What you should do — If a record holds a picture, leave the picture out and repeat everything else exactly.

Working data —
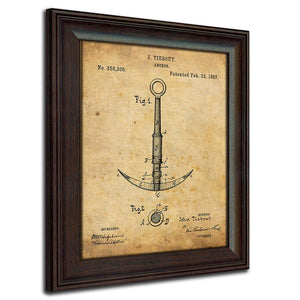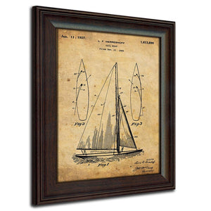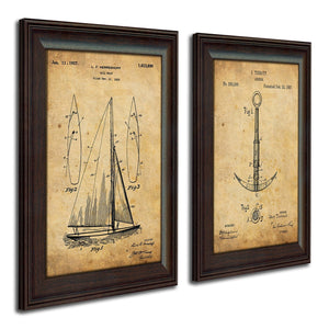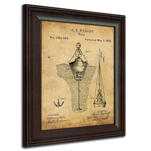 Art based on the actual and original US patents for a sailboat (1925), an anchor (1887) and a buoy (1878). These historical drawings are artistically set on a vintage paper background. Each art print is published in our USA studio and finished behind glass in 14"x17" contoured frame with a brown wood-grain
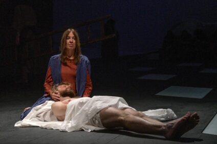 Fotoprobe zu den Passionsspielen Erl 2019. Im kleinen Ort Erl, im Herzen des österreichischen Tirols, werden seit seit mehr als 400 Jahren alle sechs Jahre Passionsspiele aufgeführt. Vom 26. Mai bis 5. Oktober 2019 beteiligen sich rund 500 Laiendarsteller der 1450 Einwohner der Gemeinde Erl aktiv und unentgeltlich am Passionsspiel. Dieses Bild zeigt den Leichnamdes Jesus, im Schoß seiner Mutter, die von Renate Maier dargestellt wird.
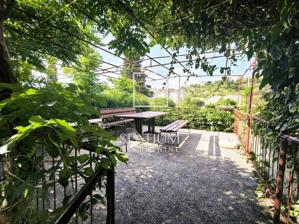 All'interno del giardino si trovano un giardino e due bellissime terrazze. Il tutto è circondato da piante mediterranee. La casa dispone anche di un garage di 15 m² e di uno spazio separato di 25 m² che, con piccole modifiche, può essere adibito a monolocale o a studio. Lo spazio separato è dotato di contatore elettrico separato. Di fronte alla casa, lungo la strada, c'è la possibilità di parcheggiare due auto. La distanza dal mare è di 250 m su strada pianeggiante ed è quindi una posizione perfetta sia per vivere che per essere affittata a turisti. La casa, che con una ristrutturazione ha un grande potenziale!
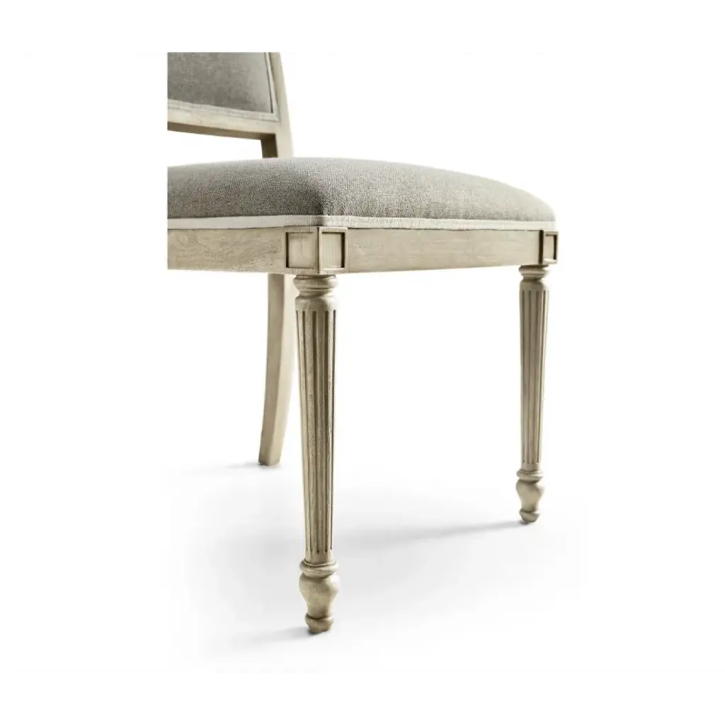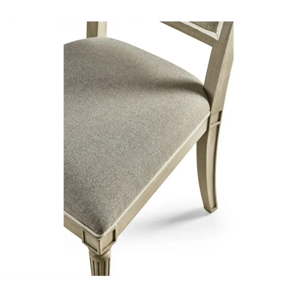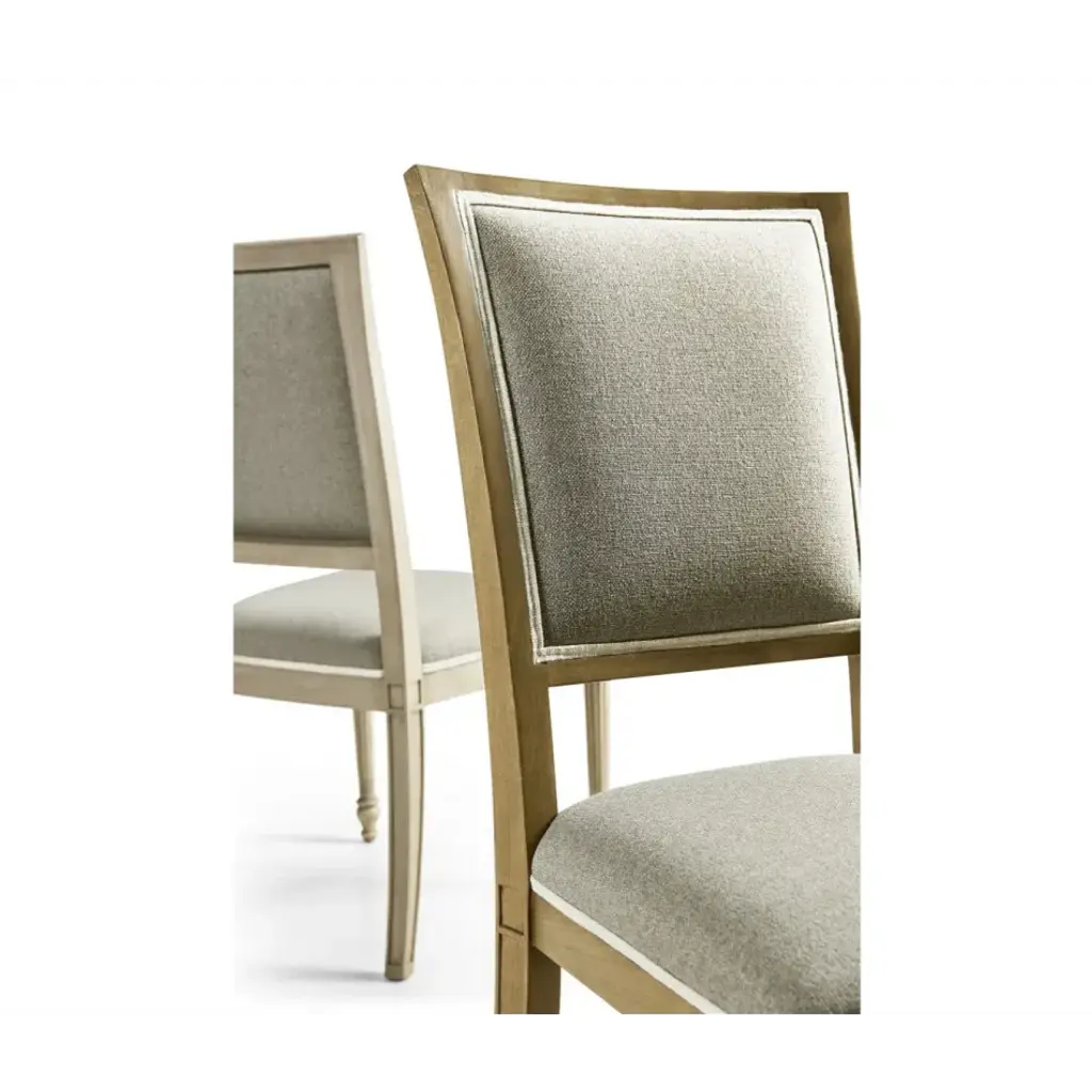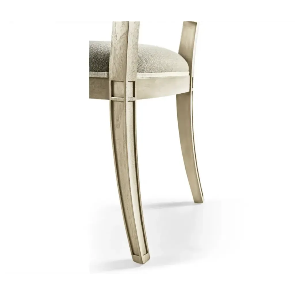003-2-130-BLW The Jonathan Charles Flare Upholstered Side Chair Flared Top is an exquisite piece of structural art that quietly demands attention. With an uninhibited focus on timeless design, the decadent natural Beech Wood frame enhanced with London Mist finish exemplifies an unrivaled old world sophistication and provides a striking feature for any dining space. Hand upholstered in a rich creamy oatmeal performance fabric, the cushions are simultaneously durable and luxurious to the touch.
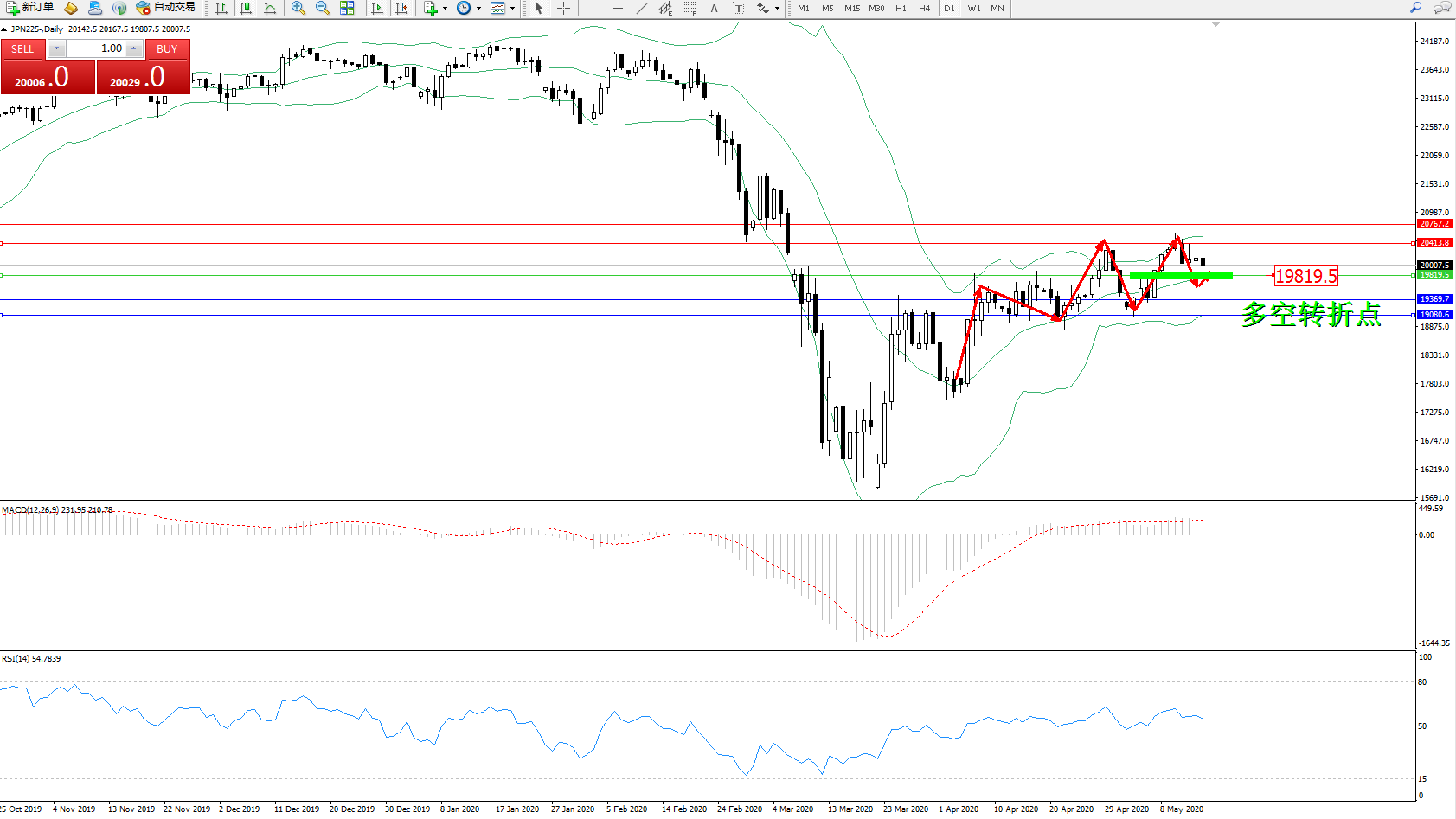 日经225指数5月15日(周五)收盘上涨104.72点,涨幅0.53%,报20019.50点。有关美联储必须采取负利率来降低赤字成本的说法似乎站不住脚;虑到美联储为缓解融资市场压力所做的所有工作,包括与外国央行建立互换机制和贴现窗口措施,美联储不太可能支持可能导致流动性紧张的举措。投资者似乎开始看跌美国股市,贸易关系继续向着恶化的方向发展,来自美国的数据非常黯淡,美国国债上涨,收益率几乎全线下跌。日本私营部门顾问向首相建议:政府应该采取必要的经济措施,同时关注经济增长、失业率和财政债务,提议帮助旅游、餐饮、娱乐等行业摆脱疫情重灾区,政府应该制定基本方针,开展经济活动和预防冠状病毒传播,同时为第二、第三波病毒感染做好准备。日本央行今日购买了15亿日元的日本房地产投资信托基金。
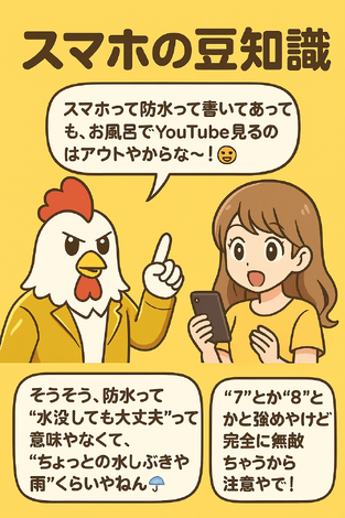 ネオ「ちなみに防水性能は“IP◯◯”って数字で表されてて、iPhoneもAndroidもモデルによって違うんや📊」
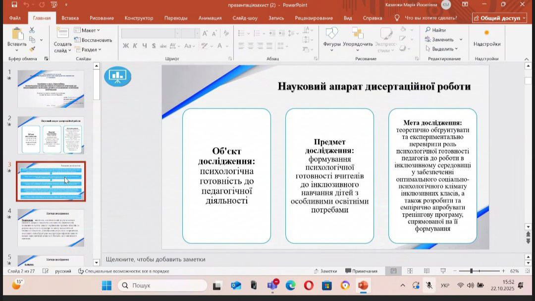 22 жовтня 2025 року відбулося розширене засідання кафедри загальної та диференціальної психології Університету Ушинського в онлайн форматі на платформі Microsoft Teams. Під час засідання були представлені та обговорені дисертаційні дослідження здобувачок 4 курсу третього (освітньо-наукового) рівня вищої освіти за спеціальністю 053 Психологія.
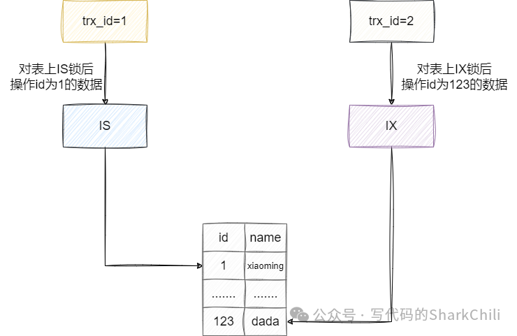 之间互相兼容,彼此不互斥,例如:一个事务上了IS,其他事务同样可以上IS和IX,因为IS本质就是一个共享读锁,某个事务持有这个IS锁之后上的可能是id为1的读锁。不影响其他事务上IS或IX后对id为2的数据上X锁:

Your solution —
 Art based on the actual and original US patents for a sailboat (1925), an anchor (1887) and a buoy (1878). These historical drawings are artistically set on a vintage paper background. Each art print is published in our USA studio and finished behind glass in 14"x17" contoured frame with a brown wood-grain
 Fotoprobe zu den Passionsspielen Erl 2019. Im kleinen Ort Erl, im Herzen des österreichischen Tirols, werden seit seit mehr als 400 Jahren alle sechs Jahre Passionsspiele aufgeführt. Vom 26. Mai bis 5. Oktober 2019 beteiligen sich rund 500 Laiendarsteller der 1450 Einwohner der Gemeinde Erl aktiv und unentgeltlich am Passionsspiel. Dieses Bild zeigt den Leichnamdes Jesus, im Schoß seiner Mutter, die von Renate Maier dargestellt wird.
 All'interno del giardino si trovano un giardino e due bellissime terrazze. Il tutto è circondato da piante mediterranee. La casa dispone anche di un garage di 15 m² e di uno spazio separato di 25 m² che, con piccole modifiche, può essere adibito a monolocale o a studio. Lo spazio separato è dotato di contatore elettrico separato. Di fronte alla casa, lungo la strada, c'è la possibilità di parcheggiare due auto. La distanza dal mare è di 250 m su strada pianeggiante ed è quindi una posizione perfetta sia per vivere che per essere affittata a turisti. La casa, che con una ristrutturazione ha un grande potenziale!
003-2-130-BLW The Jonathan Charles Flare Upholstered Side Chair Flared Top is an exquisite piece of structural art that quietly demands attention. With an uninhibited focus on timeless design, the decadent natural Beech Wood frame enhanced with London Mist finish exemplifies an unrivaled old world sophistication and provides a striking feature for any dining space. Hand upholstered in a rich creamy oatmeal performance fabric, the cushions are simultaneously durable and luxurious to the touch.
 日经225指数5月15日(周五)收盘上涨104.72点,涨幅0.53%,报20019.50点。有关美联储必须采取负利率来降低赤字成本的说法似乎站不住脚;虑到美联储为缓解融资市场压力所做的所有工作,包括与外国央行建立互换机制和贴现窗口措施,美联储不太可能支持可能导致流动性紧张的举措。投资者似乎开始看跌美国股市,贸易关系继续向着恶化的方向发展,来自美国的数据非常黯淡,美国国债上涨,收益率几乎全线下跌。日本私营部门顾问向首相建议:政府应该采取必要的经济措施,同时关注经济增长、失业率和财政债务,提议帮助旅游、餐饮、娱乐等行业摆脱疫情重灾区,政府应该制定基本方针,开展经济活动和预防冠状病毒传播,同时为第二、第三波病毒感染做好准备。日本央行今日购买了15亿日元的日本房地产投资信托基金。
 ネオ「ちなみに防水性能は“IP◯◯”って数字で表されてて、iPhoneもAndroidもモデルによって違うんや📊」
 22 жовтня 2025 року відбулося розширене засідання кафедри загальної та диференціальної психології Університету Ушинського в онлайн форматі на платформі Microsoft Teams. Під час засідання були представлені та обговорені дисертаційні дослідження здобувачок 4 курсу третього (освітньо-наукового) рівня вищої освіти за спеціальністю 053 Психологія.
 之间互相兼容,彼此不互斥,例如:一个事务上了IS,其他事务同样可以上IS和IX,因为IS本质就是一个共享读锁,某个事务持有这个IS锁之后上的可能是id为1的读锁。不影响其他事务上IS或IX后对id为2的数据上X锁:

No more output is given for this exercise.